Я не отвечаю на вопрос Тру, зачем мне нужно знать его имя. Спокойно провожаю ее к гардеробу переодеться, меняю одежду сам и с нетерпением иду дожидаться ее на кухне.
Она входит босиком в одной из моих белых рубашек.
Это стало ее униформой. Даже готовясь к экзаменам, она в одной из них, с закатанными до локтей рукавами и подолом, чуть прикрывающим бедра. Чаще всего она не надевает под низ белье, потому что знает, что я все равно его сорву.
Тру усаживается на кухонный островок, и я ставлю перед ней миску с хлопьями.
Любуюсь, как она ест, пока Тру не вздыхает и не откладывает ложку в сторону.
— Ради бога, Лиам, перестань так на меня пялиться. Того и гляди просверлишь дыру в моей голове.
— Терпение не входит в число моих добродетелей.
— Поверь мне, я знаю, — сухо бормочет она.
Мы испепеляем друг друга взглядом. Требуется немалое самообладание, чтобы не сорваться с места и не заключить ее в объятия. Недавно я перестал пытаться посчитать, как много всего нас объединяет — потому что слишком многое. Но это…
Меньше всего происходящее похоже на обмен опытом и больше на знак свыше.
— Я весь во внимании, — говорю я.
Ее глаза темнеют. Она прикусывает нижнюю губу, потом опускает глаза на миску с хлопьями.

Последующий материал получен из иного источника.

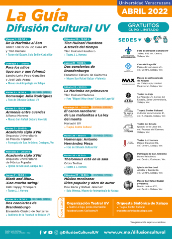 La Guía de Difusión Cultural, con eventos gratuitos, presenta al Ballet Folklórico UV, Tlen Huicani y el Coro UV en el Teatro del Estado “Gral. Ignacio de la Llave”, a Sandra Lohr en compañía de Pepe González y José Luis Arauz Lohr, Ensamble Clásico de Guitarras, Orquesta Universitaria de Música Popular, Xalli Happy Stompers, Orbis Tertius, Tlen Huicani Huasteco y Maderas, para más detalles La Guía completa se encuentra en las redes sociales @DifusiónCulturalUV y portal oficial https://www.uv.mx/difusioncultural/.
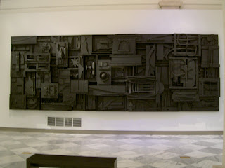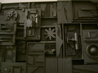 This is a giant piece of art made from found objects – large found objects – that is displayed at the American Gallery of Art. It is by Louise Nevelson and is described as an assemblage of found objects.

— Если через три дня мы больше никогда не увидимся, то какая разница?
Я весь в нетерпении, но сохраняю нейтральное выражение лица и спокойный голос.
— Хочу узнать о тебе побольше.
Она смотрит на меня исподлобья, сверкая зелеными глазами, а потом язвительно замечает:
— Должно быть, это неприятное чувство.
— Я это заслужил, — отвечаю, удерживая ее сердитый взгляд. — Пожалуйста, расскажи мне это все равно.
Мое «пожалуйста» явно ее поражает, и я проклинаю себя за то, что пру на нее, словно бульдозер. Делаю мысленную пометку в будущем лучше следить за своими манерами, а затем терпеливо жду, решит ли она выполнить мою просьбу.
Что чертовски сложно.
Наконец, Тру проводит рукой по своим длинным темным волосам и глубоко вдыхает. Выпрямляется, расправляет плечи и встречает мой пристальный взгляд.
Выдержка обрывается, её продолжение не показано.